Site Selection of Levee-type Fish Production Ponds - By Thomas L. Wellborn, University of Florida. Published by the Southern Regional Agricultural Center and the Texas Aquaculture Extension Service.

North Carolina State University - Poultry Science Extension Considerable thought and planning should go into selecting sites for commercial fish production ponds. Construction costs, ease and cost of operation, and productivity can be greatly affected by the site selected.

Selection of pond sites on flat land would seem to be a simple matter but many factors are involved. These alternatives must be considered, or you may find the cost and problems associated with production prohibitive with respect to profits.

Water availability

Water for filling levee-type ponds must come from a well, spring, reservoir or stream since there is no watershed for runoff water to enter the pond. Thus, one of the first considerations in selecting a site for commercial fish ponds is to make sure that an adequate supply of suitable quality water is available for the size farm planned.

Usually one well with a capacity of 2,000 to 3,000 gallons per minute (gpm) is adequate for four 20-acre ponds, or a minimum of 25 gpm per acre of pond surface. There must be enough water available to fill the pond completely within 10 days, otherwise problems with vegetation and water quality management will occur. Table 1 gives the time required to pump different volumes of water at different pumping rates.

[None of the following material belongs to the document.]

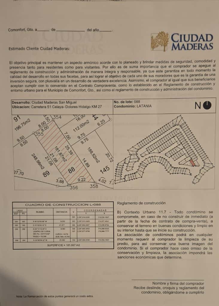 Transfer of land located in Cd. Maderas San Miguel de Allende. Clubhouse, tennis court, barbecue area, bathrooms, children's play area, fut 7 field, swimming pools & basketball court. Located just 15 minutes from San Miguel de Allende towards Celaya. It already has water connection.Traspaso de terreno ubicado en Cd. Maderas San Miguel de Allende. Casa club, cancha de tenis, área de asador, baños, área de juegos infantiles, cancha de fut 7, albercas & cancha de basquetbol. Ubicado a sólo 15 minutos de San Miguel de Allende en dirección a Celaya. Cuenta ya con conexión de agua.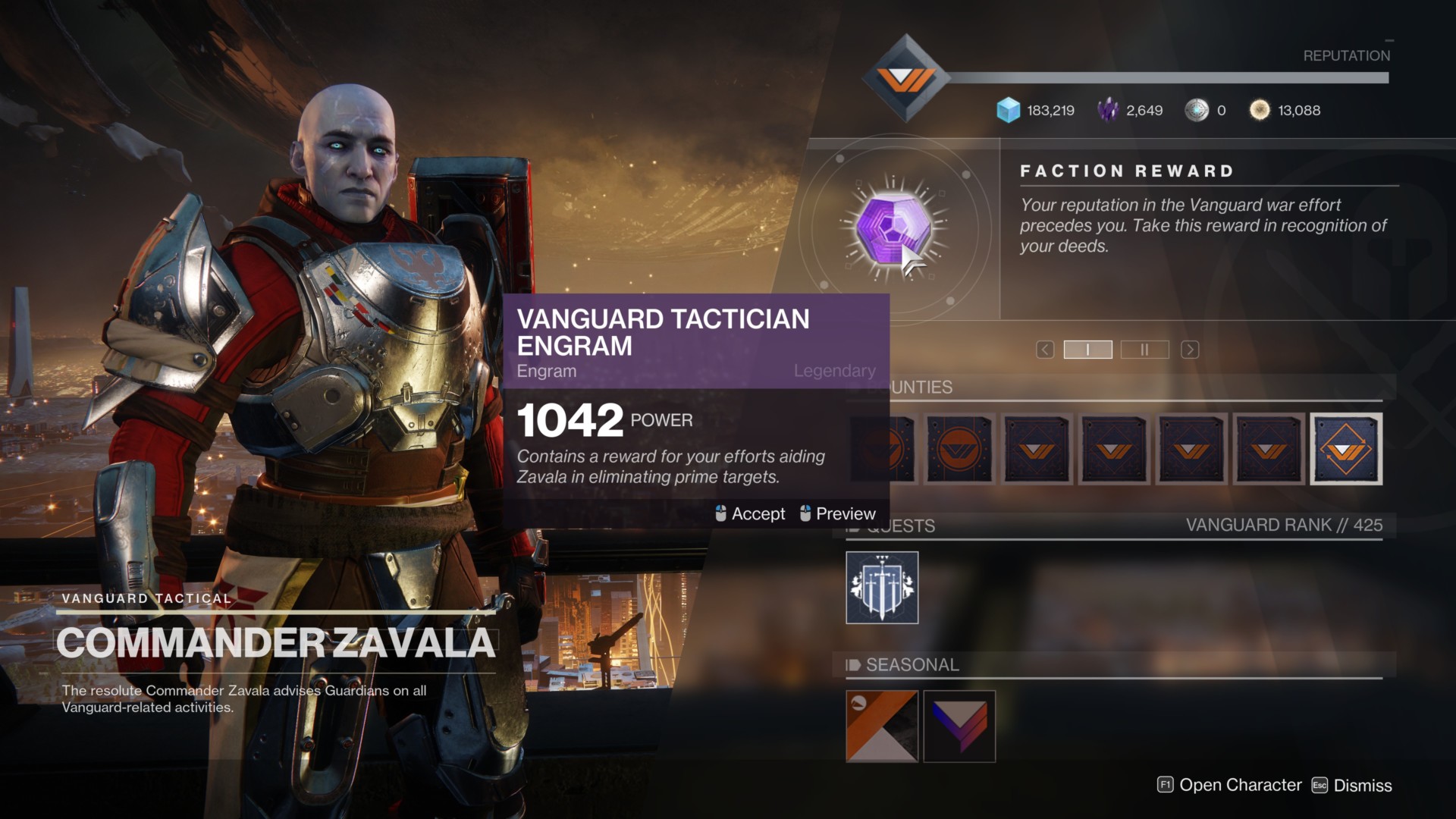 - 8x bounties completed for Zavala, Shaxx, and Banshee

A local well drilling company, a ground water geologist, or the closest office of the U.S. Geological Survey should be able to tell you if a well of the desired capacity can be developed at the site. Information on the quality of ground water at the site should be available from the U.S. Geological Survey or local ground water geologist.

Water sources

Water for levee ponds for commercial fish production can come from a well, spring, stream or reservoir. Of the four choices, a well is usually the best for several reasons. A spring is almost as good. Streams and reservoirs should be used only as last resorts because they usually contain various species of wild fish that can get into the pond and cause severe management problems.

Streams and reservoirs can also become contaminated with pesticides or industrial chemicals that could kill fish. During droughts water levels become so low in the streams and reservoirs that they can no longer be used as sources of needed pond water. Wild fish in streams and reservoirs serve as constant sources of reinfection with various infectious diseases. The quality of water in streams and reservoirs can change enough during droughts or floods as to be unusable at those times.

If a stream or reservoir must be used as a source of water for commercial fish ponds, be aware of potential problems. Appropriate actions may need to be taken to avoid fish loss or additional expenditure of funds.

Soil characteristics

The soil must hold water, so claytype soils are desirable. Take soil cores at various places around the site to insure adequate clay is present to prevent excess seepage. The local Soil Conservation Service Office can assist you. Ponds can be built in soils that have high percolation rates if they are lined with a layer of packed clay or plastic, but costs are almost prohibitive.


The topography or lay-of-the-land determines the amount of dirt that has to be moved during pond construction. Pond construction on flat land requires less dirt moving than building on rolling or hilly land. Levee-type ponds built on flat land usually require about 1,100 to 1,200 yards of dirt to be moved per acre, although the actual amount of dirt that must be moved can vary greatly from this figure.


Before selecting the site be sure the land is not classified as a wetland. A permit is required from the Corps of Engineers before clearing or building on wetlands. In some states, particularly Florida, permits are needed from one or more state agencies before any clearing or building can take place on wetlands. Wetlands are defined as: Those areas that are inundated or saturated by surface or ground water at a frequency and duration to support, and that under normal conditions do support, a prevalence of vegetation typically adapted for life in saturated soil conditions. Wetlands generally include swamps, marshes, bogs and similar areas.


For management purposes and for harvesting you must be able to drain the ponds, and the site should be selected with this in mind. You must be able to drain the ponds by gravity flow, and insure that draining your prods will not cause flooding on a neighbors land or block the drainage from a neighbors land.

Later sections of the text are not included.